なんのためにあったんだろうってずっと思ってた。

 生きるのも苦労の連続で、何をやっても報われなくて、

 彼女は、自分の身体さえも自由にはできなくて、生きていることすら苦痛で呪って。そんな人生に、夢も希望もなくて……」


「だけど、そんなとき、君があらわれた。

 普通に生きてたら得られないような知識と技術を持つ君は。

 俺に救世主のように思えた」


「そして、こうしてやり遂げた後に振り返ってみて思うのは。

 俺の……。俺たちの人生の意味は。何も俺たち自身のためだけのものじゃなかったんじゃないかって思うのさ」

そういって彼は私に微笑みかけてくる。


「最初に出会ったときの君は、無表情で感情のない人形のような雰囲気をまとっていて、表情も能面のようだった。

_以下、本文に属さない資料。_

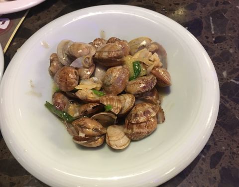 日月光有蛮多茶餐厅的,这家开得比较晚。工作日晚上前去体验。注册会员会送一份冰淇林。那天正好有特价菜,花蛤38、黄蚬48,于是各点一份,又点了乳鸽和查厘士炒饭。菜量普遍比较少,尤其是特价菜。乳鸽45比较油...
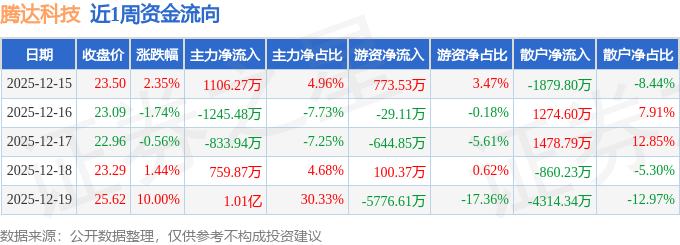 资金流向数据方面,本周腾达科技主力资金合计净流入9877.66万元,游资资金合计净流出5576.68万元,散户资金合计净流出4300.98万元。本周资金流向一览见下表:

まるで生気を感じさせないほどに。まるで全身で人間であることを拒絶しているかのようだった」

「でも今の君は、こんな俺の話しにも心が表情かおに現れているくらいに人間らしくて。年相応の感情を持った少女に見えるよ」


私はハッとして、わたしは自分の顔に手をやる……。

確かにわたしは、彼の話すことに哀しさを感じている。

以前であれば、完全に他人事で、何も心を動かすなんてこともなかっただろうに……。


「君に、俺たちの人生を背負わせるつもりは無いさ。

ただ、俺たちの生きた意味は、君にその人間らしさと、

つかの間の時間だったとはいえ、

普通の人として幸せで穏やかな時間の大切さを教えること

だったんじゃないかなって思うんだよ」


「少なくとも、今の君を見ていて、俺はそう思う」

「だから……。今度は俺から言わせてくれ。

君の人生は君自身のもので、誰かに束縛されたり制限されたり、馬鹿にされていいものなんかじゃない。諦めさえしなければ、願い求めるものが見つかる瞬間はきっとくる」

真剣な表情で彼はそういって、ベンチから立ち上がった。


振り返って彼は言った。

「お別れの時間だ

 俺たちは、もう会うことはないだろう。

 君の未来が、幸多からんことを切に願っているよ」

そう言ってほほ笑んだ彼は、手を差し出してきた。


私はその手を握って立ち上がり、そのまま握手をする。

そして、しばらく見つめあった後、その手を離した


「じゃあ、ありがとな……。

君に出会えてよかった……。

元気でな」

彼は大切な恩人を見る目でそう言った。


「わたしもありがとうっ。

 どうにかがんばってみる。

 そして、あなたたちの事は、忘れない。

 わたしが生きている限り。ずっとっ……」


もう一度微笑んで、うなずいた彼は身をひるがえし。

ゆっくりと、しっかりとした足取りで去っていく彼は、

もう振り返ることはなかった。


彼を見送った私は、

澄み渡る青空を見上げて、夏の気配のする入道雲の向こうに思い馳せ。

この忘れえぬ体験を心に刻んだ。




――――まどろみの中、ふと夢を見ていたんだと気づく。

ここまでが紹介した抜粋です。